Jussi Pylkkänen (born May 1963) is a Finnish art advisor, and was previously the global president of the auction house Christie's.

Pylkkänen was educated at King's College School in Wimbledon, and has a bachelor's degree in English from Lady Margaret Hall at Oxford University, and a master's degree in Fine and Decorative Art.

Pylkkänen was a Trustee of the Dulwich Picture Gallery from 2017 to 2019.

Pylkkänen joined the auction house Christie’s in 1986 as a specialist in the Print Department and became the Head of the Impressionist and Modern Art Department in 1995. In 2005 Pylkkänen was appointed President of Christie's Europe and in 2014 he was appointed Christie's global president.

As an auctioneer, Pylkkänen has handled some of the most valuable works of art ever sold at auction, including six which sold above $100 million.
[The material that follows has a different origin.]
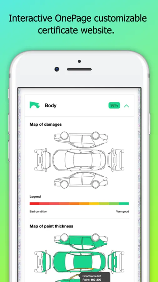 Discover the 21st century car inspection system - an application that scans the condition of vehicles and transfers detailed information to the digital world. Certification confirming the authenticity of information builds the credibility of dealers and helps customers make a purchase decision.
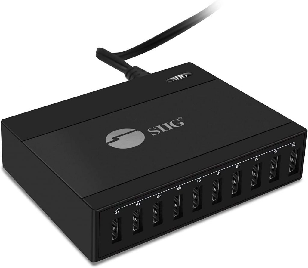 这些充电器每个端口可提供2.4A的最快充电速度,最大总输出功率为60W,可为10台智能手机和平板电脑充电。内置多个浪涌保护,以防止过度充电,浪涌和过热。当设备电池充满时自动停止充电,内置电源开关提供节能选项

His auction records include the most expensive painting ever sold (Leonardo da Vinci's Salvator Mundi), the most expensive painting by a twentieth century artist (Andy Warhol's Shot Sage Blue Marilyn) and the most expensive work of art by a living artist (Jeff Koons' Rabbit).

Pylkkänen left Christie's at the end of 2023 to set up Art Pylkkänen, a bespoke art advisory partnership based in London.